Friday, 27 December 2019

Dan Reynolds Of Imagine Dragons Gifts Wife Aja Engagement Ring Following Tumultuous Couple Of Years – Read Her Candid Letter

The frontman of Imagine Dragons, Dan Reynolds, just surprised his wife, Aja Volkman with an engagement ring this Christmas! The piece of meaningful jewelry was received after more than a year and a half of them nearly splitting!

After the tumultuous two years in their relationship which nearly ended, the pair took time to ‘really see each other’ and it definitely sounds like they’ve reached a new understanding of what their marriage means for one another.

Before they almost filed for divorce last year, they tied the knot in 2011.

In April of 2018, they almost split for good only to reconcile in November of that same year.

Seeing how Dan surprised Aja with such a stunning engagement ring on Christmas, it’s safe to say they are in a much better place now.

She was obviously touched, taking to social media to post a pic of the gift and writing a lengthy message alongside it.

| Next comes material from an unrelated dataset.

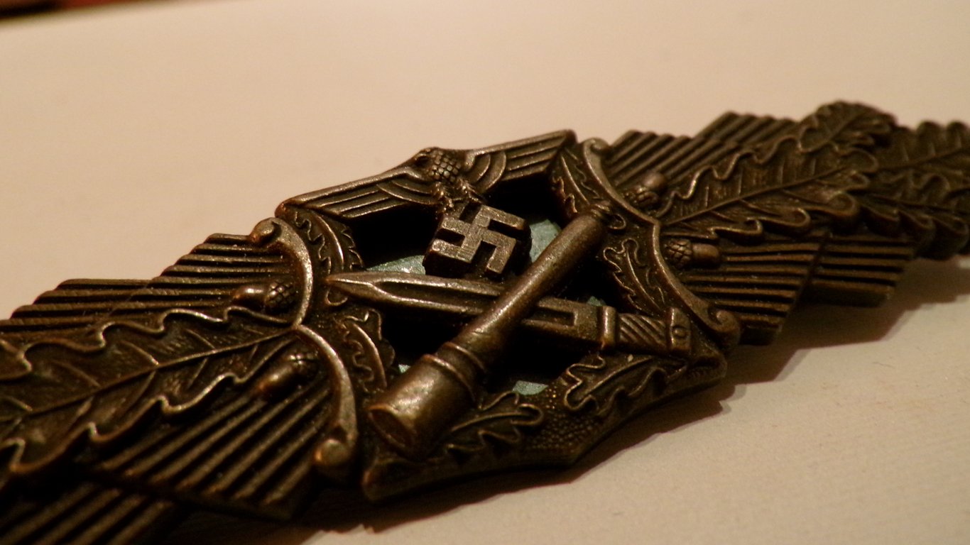 "Nahkampfspange in Bronze" translates to "Bronze Close Combat Clasp". This was a German military decoration during World War II. It was awarded to Wehrmacht soldiers who had participated in close combat for a certain number of days. The bronze version was the lowest class of the decoration and was awarded to infantrymen who had: spent one day in close combat for those previously awarded, or spent 15 days in close combat (if this was their first such award). There were also silver (30 days of close combat) and gold (50 days of close combat) versions.
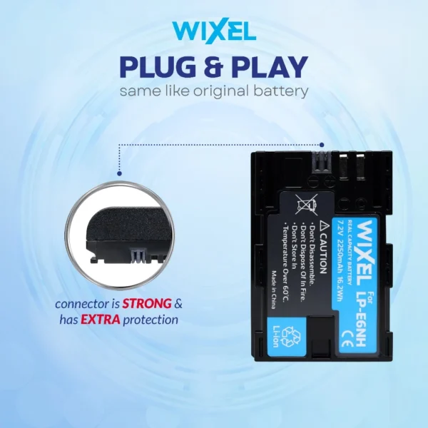 WIXEL Baterai Kamera LP-E6NH for Canon EOS EOS 60D / 60Da / 70D / 80D / 90D / R / R5 / R5C / R6 / R6 Mark II / R7 / XC10 Camera Battery Real Capacity Dual Double Power LPE6NH

View this post on Instagram

Well, the last two years have been transformative to say the least. I’ve never caused so much hurt or been so hurt by another human in my life. It took us a long time to really see each other. We weren’t reckless at all. In fact we were so careful that we didn’t do what we needed to do. We didn’t listen to who we were. We loved each other at the expense of everything. Two different backgrounds, and practically two different generations. It was a wild story that just kept getting more wild as time passed. We wrote love songs, and we got married. Then came children. We were both emotional and driven and also hard on ourselves. We went through a whirlwind of successes and failures and we held each other tight because it was scary. But we also suffocated each other. We didn’t know ourselves well enough to maintain the strength from within. And it all began to crumble. The world was harsh. There was so much love, but also criticism and ugliness. We weren’t prepared to be disliked or misunderstood. It hurt. We were distorted mirrors of each other. I missed the stage and he had too much of it. We fell apart. Our oldest daughter was suffering. Her foundation fell away and all that she knew was destroyed. We hated ourselves. The night was long. 7 months long. Then one evening he came to my door. I looked at him timidly because of all that I had gone through. Endless days of hiding in my closet crying beneath my clothes. Deep soul searching accompanied by the darkest thoughts that would eventually turn to light. He stood there on my porch and all I could see was my most favorite person staring back at me. I understood it all. We didn’t need the words. We were both forgiven..but… I wouldn’t put my ring back on. Even when we decided to stay together. I just couldn’t go back to what we were. I told him that we would have to start again. He agreed. Tonight we put our kids to bed and began to clean up the mess of the day. I could see that he was nervous but I didn’t know why. He got on one knee and before he could open his mouth I began to cry. Loaded tears that held nearly 10 years of growth. The answer has always been yes. Even before we knew what that meant.

A post shared by Aja Volkman (@ajavolkman) on

In part, she wrote: ‘I’ve never caused this much hurt or have been so hurt by another human in my whole life. It took us a really long time to see each other. We were not reckless at all. In fact we were so careful that we did not do what we needed to do. We did not listen to who we were. We just loved each other at the expense of everything.’

She went on to admit that ‘We didn’t know ourselves well enough to maintain the strength from within. And it all began to crumble. I told him we would have to start again. He agreed. Tonight we put our children to bed and we began to clean up the mess of the day. I could see he was nervous but I did not know why. He then got on one knee and before he could even open his mouth I started to cry. Loaded tears holding nearly ten years of growth. The answer’s always been yes.’